*AIM OF THE TASK*. Once the images are set aside, write out the rest of the records exactly.

*MATERIAL PROVIDED*.
******
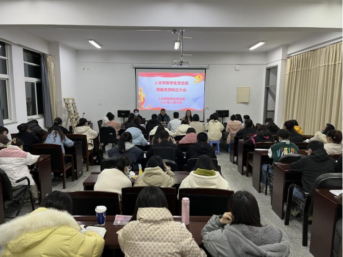 会议第二项议程是讨论预备党员转正事宜,朱汉琦等15名预备党员逐一宣读转正申请书,向党组织汇报一年预备期的情况;入党介绍人分别介绍了发展对象的现实表现和培养考察情况,并对能否转正表明了意见;组织委员魏语婷代表支委会报告审查情况;与会党员进行充分讨论,对是否符合转正要求发表意见。经有表决权的正式党员投票表决,一致同意朱汉琦等15名同志转为中共正式党员。
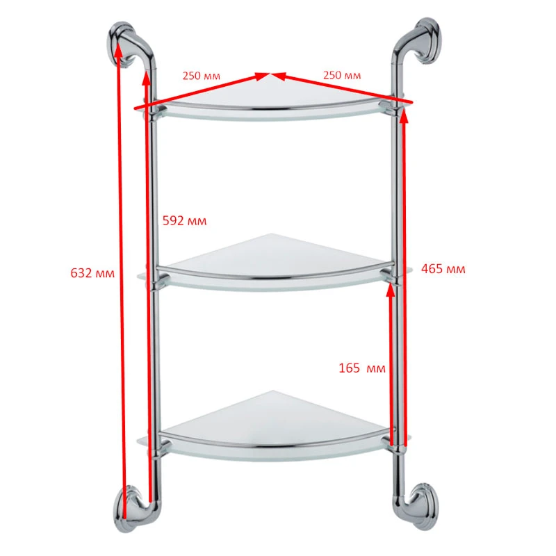 Скляна полиця кутова 3-ярусна Zerix LR1507-3 (LL1409)
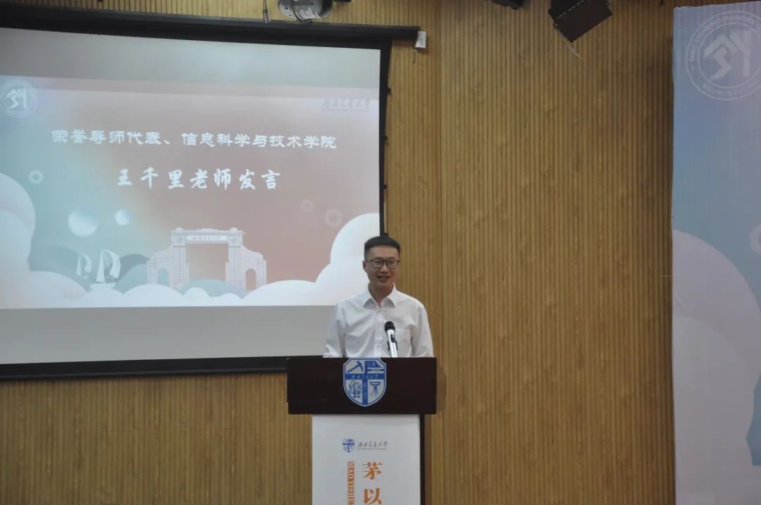 荣誉导师受聘仪式,由康国政院长为各相关专业学院荣誉导师颁发聘书。随后,2022级新生荣誉导师代表、信息科学与技术学院王千里老师发言,作为四年求学生活最亲近的人,班导师在同学们成长成才历程中扮演着不可或缺的角色,王老师激励同学们身处不确定的时代当中,做到“屯才,屯学,屯识,屯体”,增强自身能力和底气,勇担时代之梁。接下来,全体唐臣书院驻院导师带来配乐诗朗诵——《唐臣青年》,导师们掷地有声、字字铿锵,诵出了唐臣青年的向上风貌。
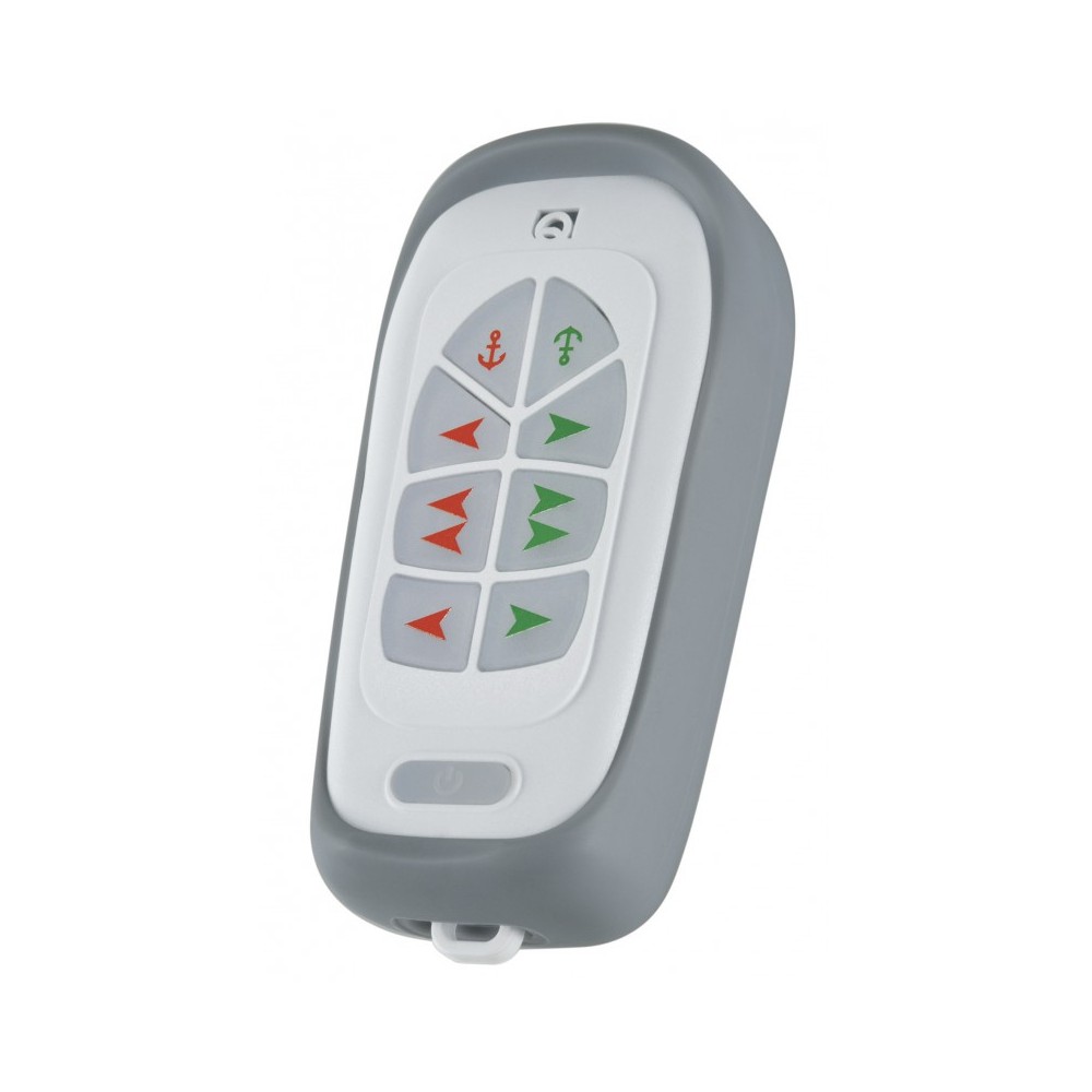 Émetteur portatif avec boîtier en caoutchouc antichoc, indicateur LED, boutons en silicone rétroéclairés et dragonne. Commandes pour l'étrave, la poupe et le guindeau. Récepteur non inclus. Fréquence : 869,8 MHz.
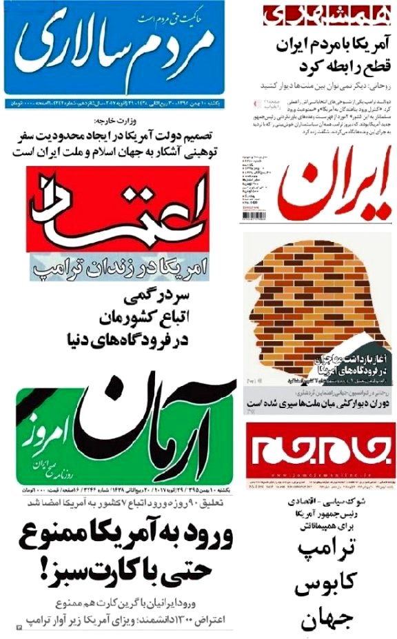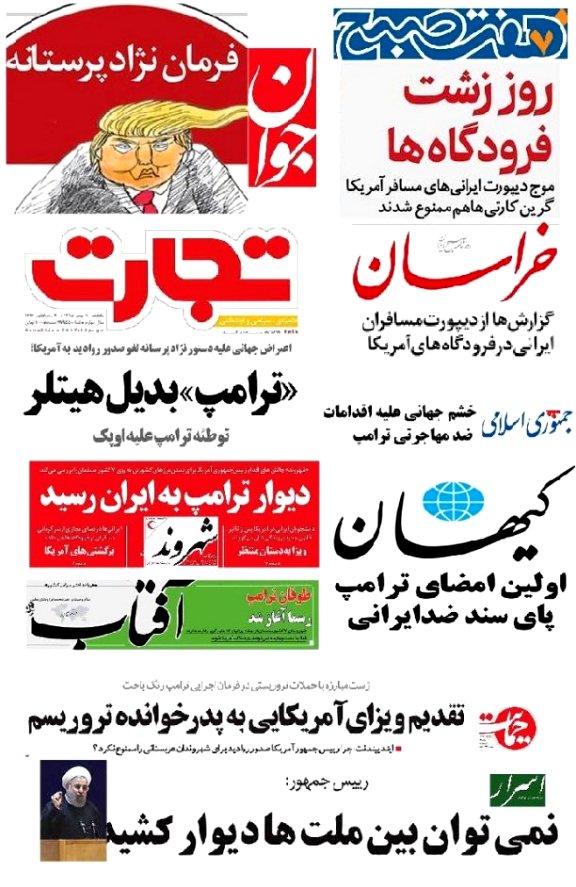 صفحات اول شماره های یکشنبه دهم بهمن ماه 1395 روزنامه های تهران (که در زیر کاپی شده اند) تماما بویژه نشريات معروف به اصلاح طلبان در انتقاد از این دستور العمل بودند. برخی نوشته بودند که عاملان حوادث 11 سپتامبر 2001 از اتباع سعودی و امارات عربی متحده بودند ولی اتباع این کشورها مشمول منع ورود قرار نگرفتند. فعالیت القاعده و طالبان آمریکایی کُش در افغانستان است ولی اتباع این دولت مشمول این بخشنامه نیستند!.
******
*SOLUTION TO THIS EXERCISE*.
 会议第二项议程是讨论预备党员转正事宜,朱汉琦等15名预备党员逐一宣读转正申请书,向党组织汇报一年预备期的情况;入党介绍人分别介绍了发展对象的现实表现和培养考察情况,并对能否转正表明了意见;组织委员魏语婷代表支委会报告审查情况;与会党员进行充分讨论,对是否符合转正要求发表意见。经有表决权的正式党员投票表决,一致同意朱汉琦等15名同志转为中共正式党员。
 Скляна полиця кутова 3-ярусна Zerix LR1507-3 (LL1409)
 荣誉导师受聘仪式,由康国政院长为各相关专业学院荣誉导师颁发聘书。随后,2022级新生荣誉导师代表、信息科学与技术学院王千里老师发言,作为四年求学生活最亲近的人,班导师在同学们成长成才历程中扮演着不可或缺的角色,王老师激励同学们身处不确定的时代当中,做到“屯才,屯学,屯识,屯体”,增强自身能力和底气,勇担时代之梁。接下来,全体唐臣书院驻院导师带来配乐诗朗诵——《唐臣青年》,导师们掷地有声、字字铿锵,诵出了唐臣青年的向上风貌。
 Émetteur portatif avec boîtier en caoutchouc antichoc, indicateur LED, boutons en silicone rétroéclairés et dragonne. Commandes pour l'étrave, la poupe et le guindeau. Récepteur non inclus. Fréquence : 869,8 MHz.
 صفحات اول شماره های یکشنبه دهم بهمن ماه 1395 روزنامه های تهران (که در زیر کاپی شده اند) تماما بویژه نشريات معروف به اصلاح طلبان در انتقاد از این دستور العمل بودند. برخی نوشته بودند که عاملان حوادث 11 سپتامبر 2001 از اتباع سعودی و امارات عربی متحده بودند ولی اتباع این کشورها مشمول منع ورود قرار نگرفتند. فعالیت القاعده و طالبان آمریکایی کُش در افغانستان است ولی اتباع این دولت مشمول این بخشنامه نیستند!.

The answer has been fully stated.